Here you go. There is a map of vacuum lines and a picture of the switch with notes on it.

I just got my 68 so it looks like we have some of the same questions as I got these in answers on this board a few others.

Jason


----------



## harp (Jun 22, 2009)

*hidden headlight switch*

what a great reply, i was just getting ready to post a new thread when i saw yours. the switch on my 69 came out in my hand this morning, it had a leaking sound behind it for a few days, and the left set wasn,t closing right. i'm seeing replacement switchs on line but how do i know if they're for the vacume type? also, does anyone have the steps for access to replace the switch. it looks like a snap ring or collar came off the end of the rod on the pull switch. i think i have to remove a ac tube to get behind the switch? any help would be greatly appreciated!!!


----------



## jpdog357 (Feb 27, 2006)

I just got my 68 GTO but the guy I bought if from had ordered 2 already from Year One.
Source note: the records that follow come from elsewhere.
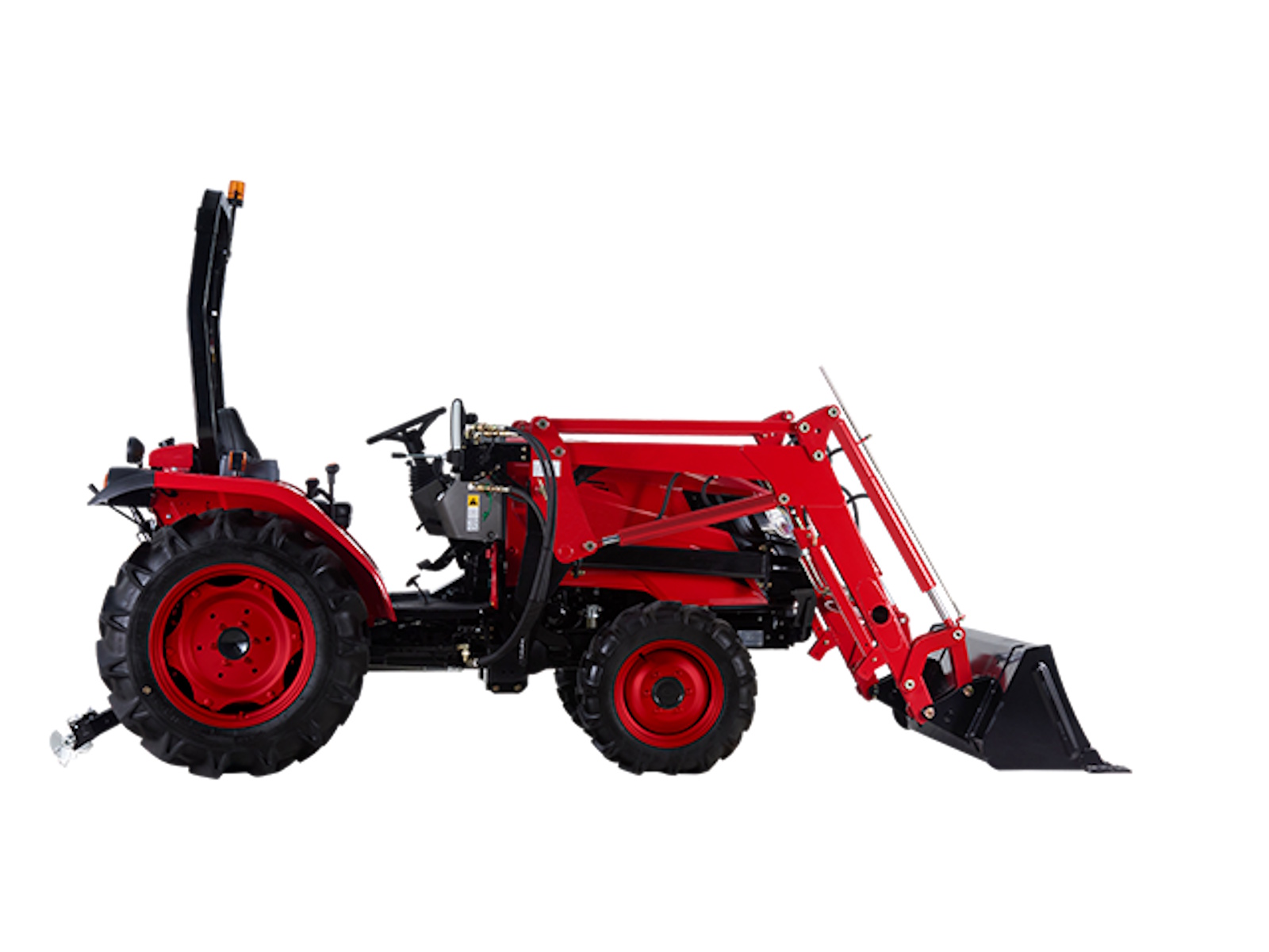 - Equipped with a powerful, Stage V certified 4-cylinder engine, this tractor has an output comparable to utility tractors while maintaining the dimensions of a sub-compact tractor. The durable body and efficient engine come together to perform medium-duty applications efficiently and productively.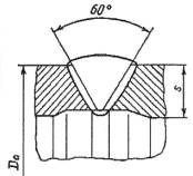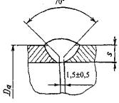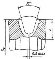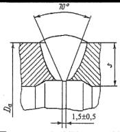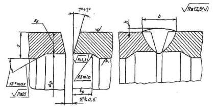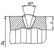 Допускается выполнять переход под углом не более 27°, включительно, а длину расточки lр = 12+3 мм для деталей литых, кованных, штампованных и штампосварных; деталей, изготавливаемых из труб с увеличенной толщиной стенки (отводов гнутых, переходов и др.), отводов гнутых с прямыми участками менее наружного диаметра изгибаемой трубы, а также для арматуры.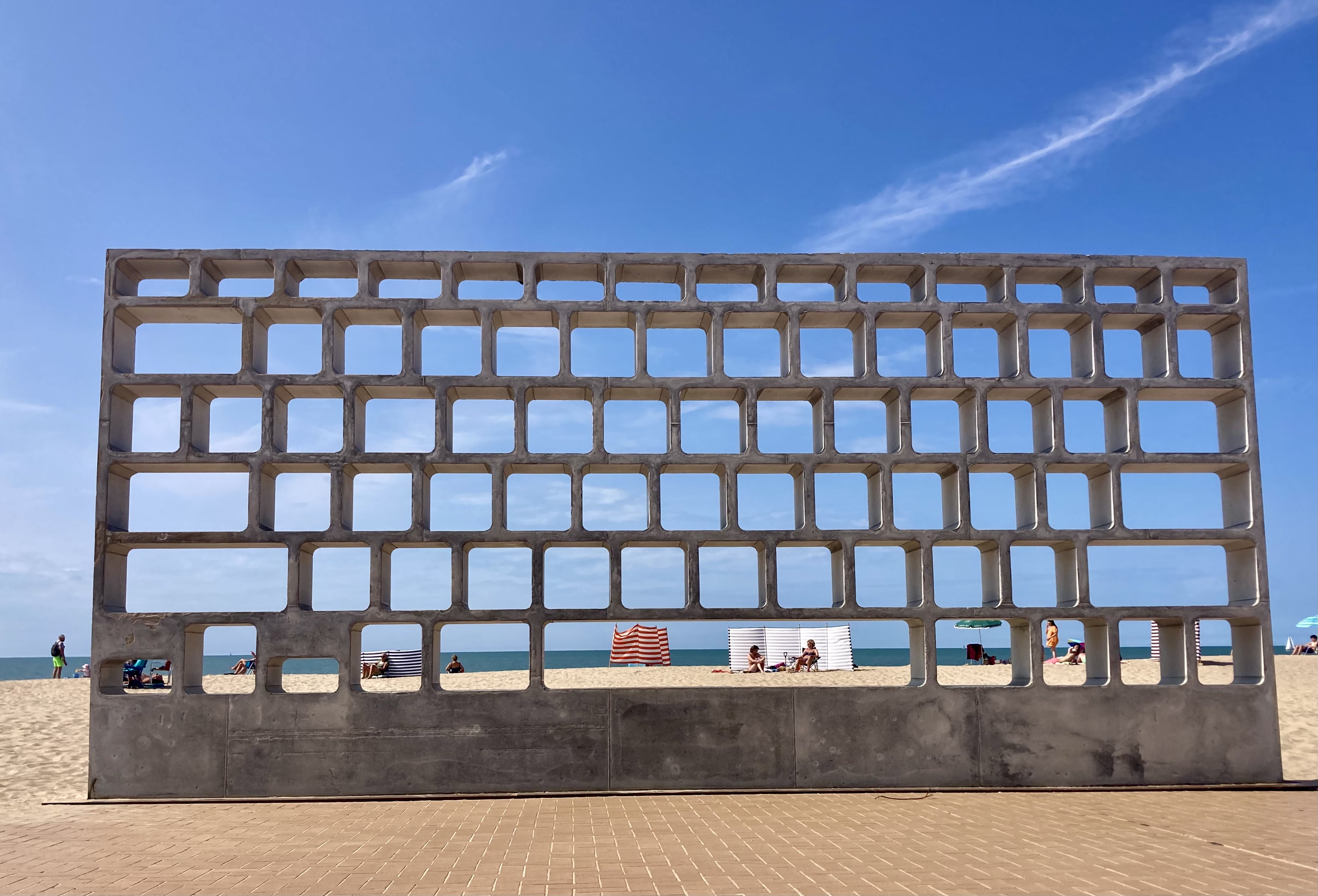 It was a beautiful day – in fact the whole two weeks had blue skies and warm, sometimes hot, sunshine. The beach is clean sand and the North Sea was warm! We also caught up with a couple of the art installations that were part of the Beaufort Triennial . The one showing here is a giant keyboard, with the buttons missing.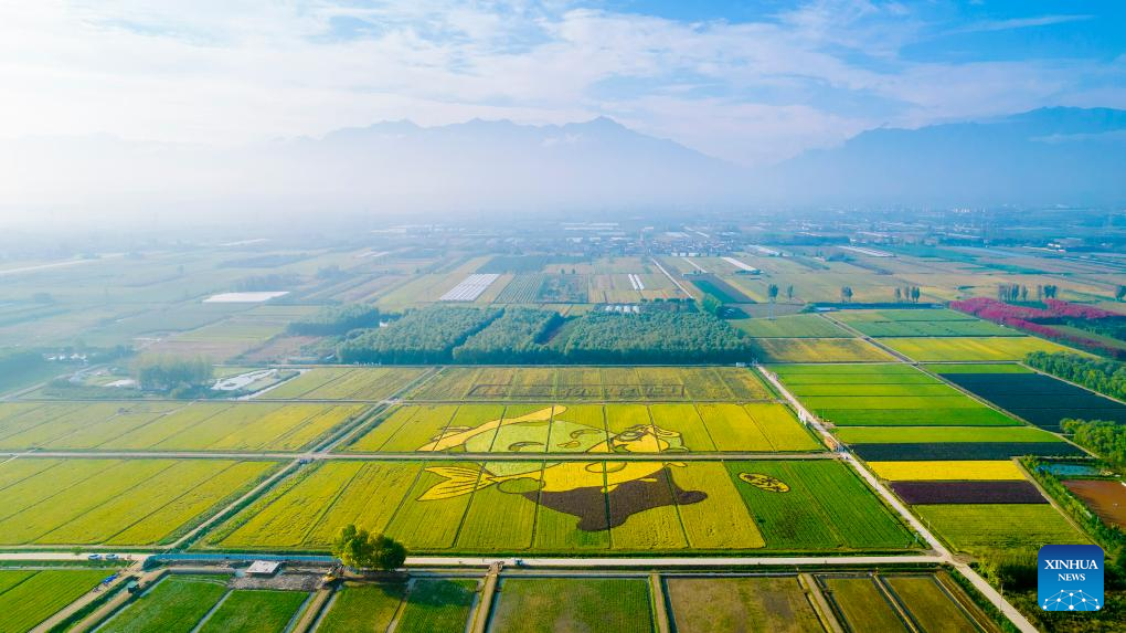 This aerial photo taken on Oct. 7, 2023 shows a paddy field painting in Qubao Village, Xi'an, northwest China's Shaanxi Province. (Photo by Dong Xiwei/Xinhua)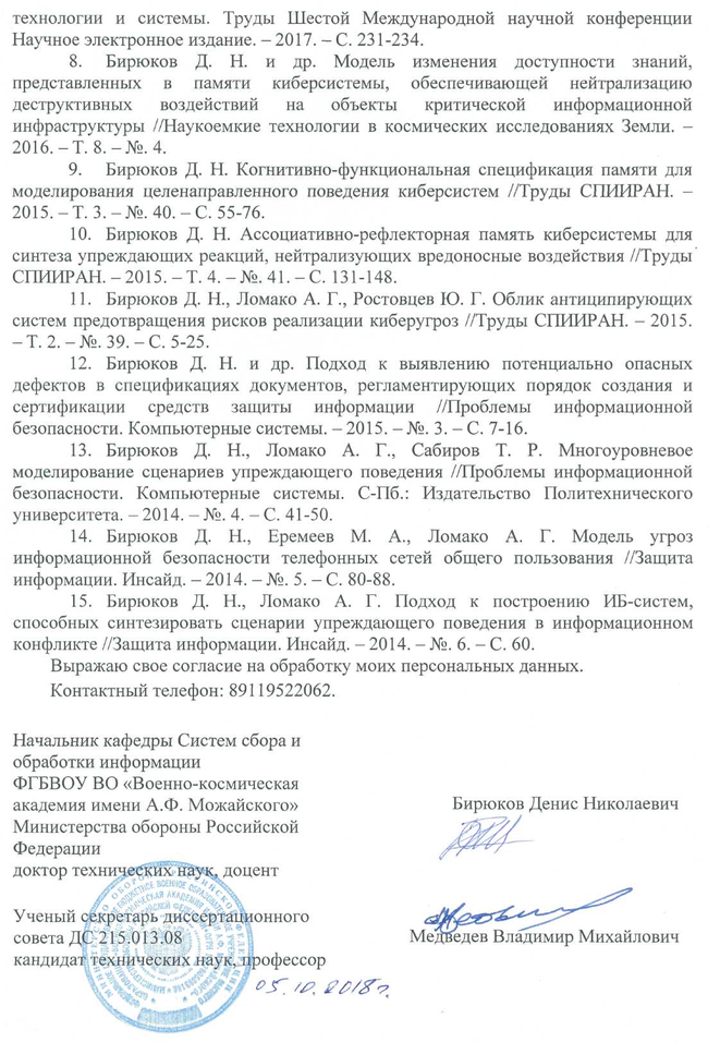10. Бирюков Д. Н. Ассоциативно-рефлекторная память киберсистемы для синтеза упреждающих реакций, нейтрализующих вредоносные воздействия //Труды СПИИРАН.-2015.-Т. 4. -№. 41.-С. 131-148.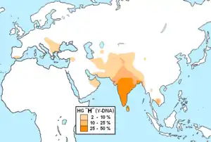 - H1a1a4a (Z14588, Z5871): disperso en el Indostán, Arabia,[8] Laos y Camboya.[1]
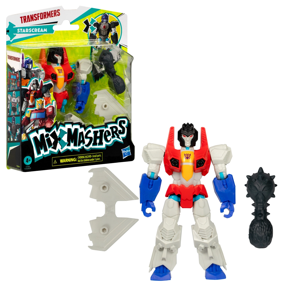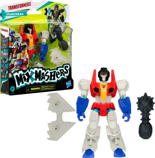 Creëer, combineer en bouw opnieuw! De Starscream-figuur uit de Transformers Mix & Mashers-collectie brengt speelplezier met onderdelen die je eenvoudig losmaakt en weer vastklikt. Kinderen kunnen armen, benen, vleugels en wapens verwisselen en zo een unieke robot samenstellen, precies zoals hun fantasie het wil.

The first one he ordered stopped working in a week and they replaced it free of charge. What was telling was the fact they didn't even want the other one back. The replacement lasted about a 1.5 weeks according to him.

I need one and will be trying out the repro from Performance Years.

As far as the one's you are seeing online, as long as it says hideaway or something of that nature you should be fine. They are only vacuum operated.

Jason


----------



## harp (Jun 22, 2009)

so far the ones i've seen online dont mention hideaway, i'll keep looking.as soon as i replace the switch, i've got to figure out the tail lights, no rear turns, brake or running lights, when i put on a turn signal, both sides lite up very dim and flash together, and when the brake is applied, it stops? the front signals work perfect, so i assume the flasher relay is good.


----------



## jketelsen (Aug 25, 2009)

When I bought my 68 a couple months ago the guy I bought it from had ordered a bunch of parts through Original Parts Group (Original Parts Group - Chevelle Parts - El Camino Parts - Monte Carlo Parts - GTO Parts - Restoration Parts). The parts he did order looked pretty good but I can't speak for the headlight switches. Here's the link to the switch that they carry. GTO - Switch, Hideaway Headlight, 1968-69


----------



## wishihaditback (Jun 9, 2011)

I know this is an old thread, a very old thread, but i'm in the process of replacing the entire hose and check valve set up. The diagram shown in this thread is the same as supplied by the hose kit manufacturer. The diagram doesn't really show the actual nipple configuration on the switch and rubber manifold that connects to the switch. On the hoses going to the switch is a tag that reads " Green - Top by itself. Center - Blue port. Black - Bottom next to blue. Black and Blue next to each other or together. If that is correct, the diagram really doesn't show that (seems to me). Looks like the black in in the center position with the blue at the bottom. Anyone actually know which color goes to which port? The switch has the nipples that align like this 00 0 You can see it on the pic of the rubber manifold.


----------